Lord Krishna

Lord Krishna

Divine Teacher

The Supreme Lord, the charioteer and divine guide of Arjuna. Krishna delivers the eternal wisdom of the Gita, revealing the nature of the soul, duty, and the path to liberation.

Speaking: Chapter 12, Verse 20

20

Verse 20

The Yoga of Devotion

Those who honor this immortal teaching of dharma as described, endowed with faith and devoted to Me as the supreme goal—those devotees are exceedingly dear to Me.

Context & Meaning

The chapter concludes with a benediction. Those who receive this teaching with faith, who honor it not merely intellectually but through lived practice, and who regard God as the supreme goal — these are atīva priyāḥ — exceedingly, supremely dear. The word amṛtam — immortal, nectar — applied to the teaching is significant. This is not merely good advice; it is the nectar of immortality. To absorb and live by this teaching is itself a form of liberation. The chapter ends where it begins: in the intimacy between the devotee and God.

Scholar Commentaries

2 commentaries · Public domain

Ramanujacharya

Vishishtadvaita

Dharmyāmṛtam — the immortal nectar of dharma. This is the Gita's self-description of the teaching of Chapter 12: it is not merely ethical instruction but the living nectar of eternal truth. To follow this teaching is to drink from the source of immortality itself.

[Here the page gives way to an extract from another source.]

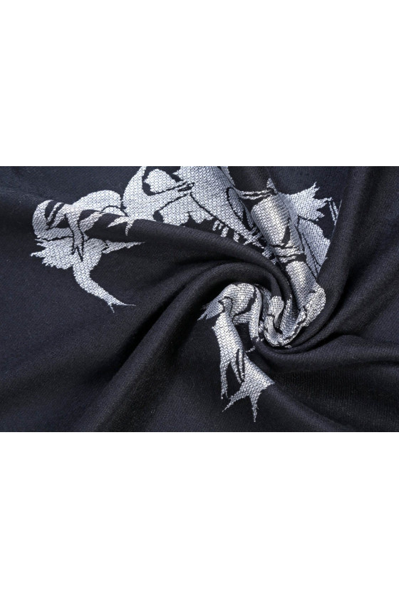 Itāļu žakarda audums kuponā ar izmēriem 65cm x 65cm. Ļoti interesants sudraba bezdelīgu modelis, kas veido jautājuma zīmi. Viss ir izšūts uz melna fona un dod ļoti oriģinālu efektu. Audumu var izmantot kā oriģinālu detaļu kombinācijā ar citu materiālu, piemēram, kā sporta krekla "priekšpusi" vai jakas "aizmuguri". Tas būs lieliski piemērots arī kā rotājums, piemēram, spilvens.

And those who do so are atīva — intensely, beyond measure — dear to God.

Madhvacharya

Dvaita

The chapter closes with the word priyāḥ — beloved. The entire chapter began with a question about paths and ends with an answer that transcends path altogether: what matters is love. The devotee who loves is loved. The Gita here speaks the deepest truth of the universe: the Divine loves those who love the Divine. This is the royal secret, the royal knowledge, the most secret of all secrets.